About this exercise - Give a verbatim copy of the data, leaving the pictures out.

Source data -
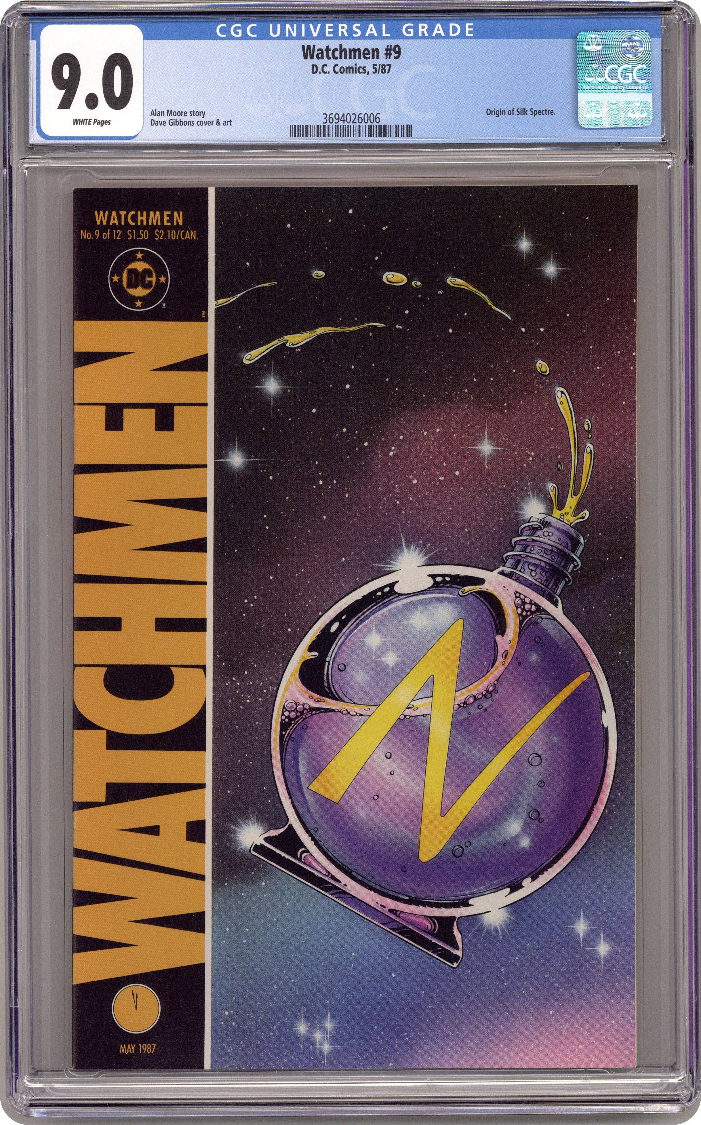 "The darkness of mere being". Part 9 of 12. Story by Alan Moore. Art and cover by Dave Gibbons. As the Silk Spectre attempts to convince Dr. Manhattan to return to Earth, she learns the shocking truth about her parentage. Includes four page fictional text feature with pieces from the scrapbook of Sally Jupiter. 32 pages. Full color. No ads. Cover price $1.50. Grade: CGC 9.0 explanation of grade Condition: Used (collectible)
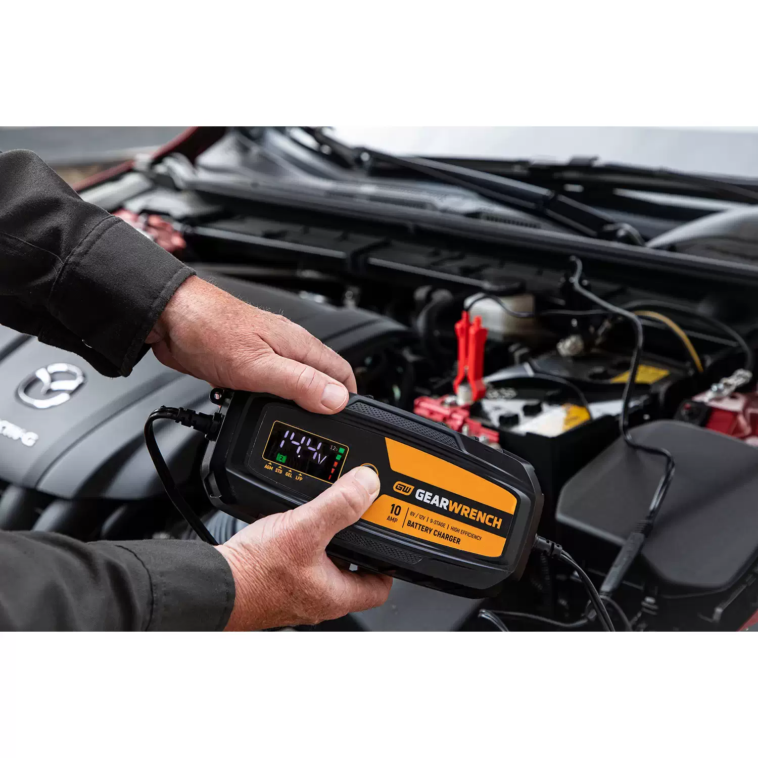 The GEARWRENCH GWBC100 is a 10A 6V/12V battery charger and maintainer built for faster charging and long-term battery care. It uses a 9-stage intelligent charging system, supports AGM, standard lead acid, gel, and LiFePO4 batteries, and features a digital display, temperature compensation, quick-disconnect leads, and an IP65-rated housing for indoor or outdoor use.
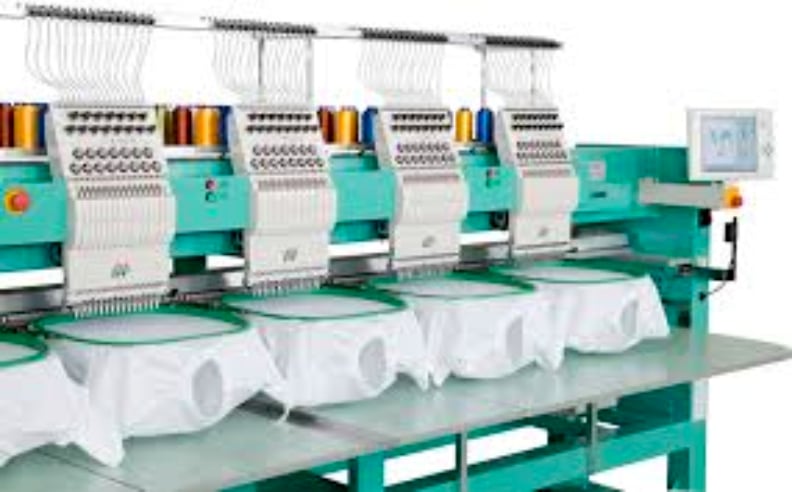 The image showcases a multi-needle embroidery machine with vibrant thread spools, set against a clean, organized workspace.

Answer for the task -
 "The darkness of mere being". Part 9 of 12. Story by Alan Moore. Art and cover by Dave Gibbons. As the Silk Spectre attempts to convince Dr. Manhattan to return to Earth, she learns the shocking truth about her parentage. Includes four page fictional text feature with pieces from the scrapbook of Sally Jupiter. 32 pages. Full color. No ads. Cover price $1.50. Grade: CGC 9.0 explanation of grade Condition: Used (collectible)
 The GEARWRENCH GWBC100 is a 10A 6V/12V battery charger and maintainer built for faster charging and long-term battery care. It uses a 9-stage intelligent charging system, supports AGM, standard lead acid, gel, and LiFePO4 batteries, and features a digital display, temperature compensation, quick-disconnect leads, and an IP65-rated housing for indoor or outdoor use.
 The image showcases a multi-needle embroidery machine with vibrant thread spools, set against a clean, organized workspace.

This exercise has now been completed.